In the EU, nanomaterials are regulated by the REACH Regime (for chemical substances) and while a 2012 review reaffirmed the REACH regime as the best framework for handling these materials, a consultation in October 2017 suggested further clarification was needed. Indeed, an advisory group for the International Agency for Research on Cancer is to evaluate the technology’s carcinogenicity between 2020 and 2024, which is likely to prompt further regulatory developments.

In light of further research, additional workplace limits may be placed on production of carbon nanotubes in future. In the event that such guidance is issued, corporates and risk managers will be expected to reassess their exposure to such risk.

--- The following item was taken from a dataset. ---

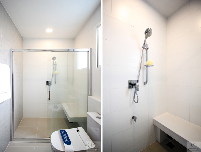 ด้านในจะเป็นพื้นที่ส่วนเปียก ติดตั้งฉากกั้นอาบน้ำ Tempered Glass แบบบานเลื่อนมาให้ ด้านในติดตั้งฝักบัว พร้อมที่นั่งอาบน้ำ และวางอุปกรณ์อาบน้ำได้

The claimant lobby is always looking for new targets to pursue. Insurers are increasingly focused on exposure to emerging risks and scientific understanding of these new materials and their risk to humans continues to develop.

However, the prospect of nanomaterials becoming the ‘new asbestos’ is currently slim. Risk assessment is increasingly advanced and we would expect preventative measures to be established in a timely manner. By comparison, the cohort of claimants in asbestos claims was unparalleled. The lack of risk awareness and the widespread use of asbestos was the perfect storm; and the lessons learnt should reach far into the future, both in terms of health and safety, and in awareness of the need to assess and manage new and future risks.